The purpose of life insurance is to provide financial security to the children and other house dependents who are under a worker liability if he died. Term life insurance provides insurance coverage for a fixed number of years. If a policy holder passed away in the period, his family will get the sum insured. But if the policy holder does not die in the time period set, he will not get anything from the insurance company. The privilege of term insurance is the premium paid is lower compared to other insurances.

For other insurance type such as endowment life insurance, its policy is for a particular time period. The policy holder will receive the sum insured at the end of the fixed-term.

However, if the policy holder passed away before the fixed-term, his family deserved getting payment on the policy. For a whole life insurance policy, policy holder pays premium for lifelong. When the policy holder passed away, his family will receive the insured sum entirely. If the policy holder hands over his policy after 20 or 30 years, before his death like those stated in policy, he will get a certain amount of money back – namely the sum he had paid plus a fractional of the insurance funds investment group profit.

The insurance type that will give benefit the most is a policy that can provide maximum coverage with a minimum cost.
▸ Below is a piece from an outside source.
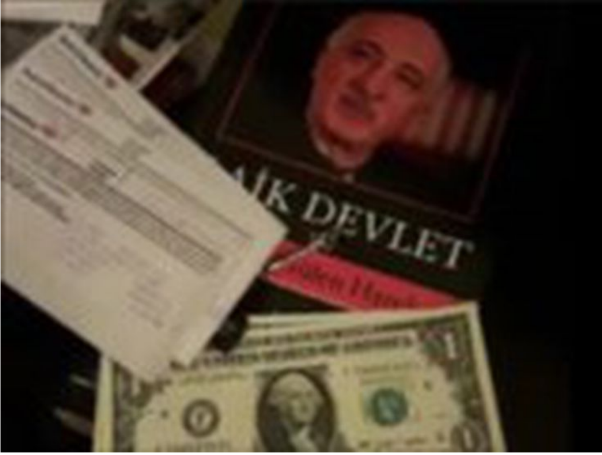
O akademisyenlerin odasından da dolar çıktı

FETÖ'cülerin üzerlerinde ve evlerinde bulunan bu banknotlar, akıllara Kurtlar Vadisi Pusu'da 2 yıl önce yayınlanan 202. bölümdeki 1 dolar sahnesini getirdi.

Guide for Buying an Insurance

  • Make sure your insurance agent is registered with the insurance association of your country.
  • Read insurance policy from your agent about conditions which included in policy and check the explanation with the insurance association or friends which might has taken the same policy.
  • Be sure that all benefits that will be acquired are clearly stated in the agreement.
07-01-2009 by Sorli

What is Insurance Exactly

What is insurance exactly?

Insurance is risk transfer of one individual like you, or an organization, such as your company, to the insurers. You or your company shall be known as policy holder. Insurance company will receive payments from you in form of premium and if you experience any loss or damage, the insurance company would pay compensation to you.

What is an insurance.

Insurance basic principle

For example, policy holder (you) must have legal interest on the goods or life that you insure. This mean, you would bear the financial loss in case damage or loss happened to life or property that you insured.

You do not need to purchase more than one policy or plan to protect your property. If you own more than one policy, you can only make one claim if any loss or damage happens. The payment amount that can be paid will be contributed by the involved insurance company. As such, you cannot make profit from general insurance policy or plan. If you experience loss, insurance company would pay appropriate compensation or you will be put at same state before loss happen. However, you can buy more than one policy to protect your life.
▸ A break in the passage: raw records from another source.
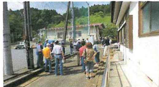
(準備のために集まっていた方々)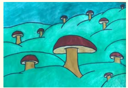
Žiga Skledar, 8. razred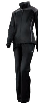
81250928 NERO/ANTRACITE BLACK/GUN METAL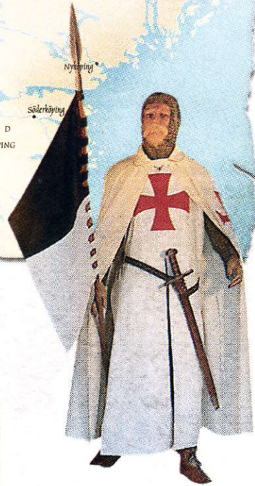
Tempelriddaren Arn från utställningen "Arns tid" vid Forsviks bruk.

Contract of insurance is on full principle of absolute trust. As such, you as policy holder or plan must disclose all necessary important information. If you fail to reveal that information, your policy or plan may not be valid and you will not be protected on any loss or damage.
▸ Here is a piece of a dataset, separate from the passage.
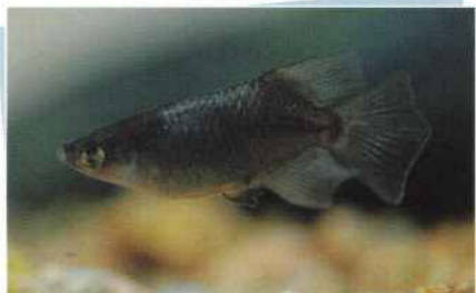
ピュアブラックホタルダルマ(弁慶) ¥30,000~¥200,000

Buying Insurance Policy and Essential Guide When Buying Insurance Policy

You can buy insurance policy at:

  • Directly from the insurance company
  • Through registered agent or licensed brokers
  • Via banking institutions which possess bancassurance arrangement with insurance company
  • Through the internet

Essential guide when buying insurance policy:

  1. Understands your insurance policy including product features, conditions, benefit and its exemption limit.
  2. Ensure that insurance premium which will be paid is reasonable.
  3. Ensure the protection amount is enough and suitable your necessity.
  4. Ensure all important facts are fully disclosed.
  5. Deal by registered agent/licensed brokers or directly with the insurance company.
  6. Monitor the protection period and time to pay the premium.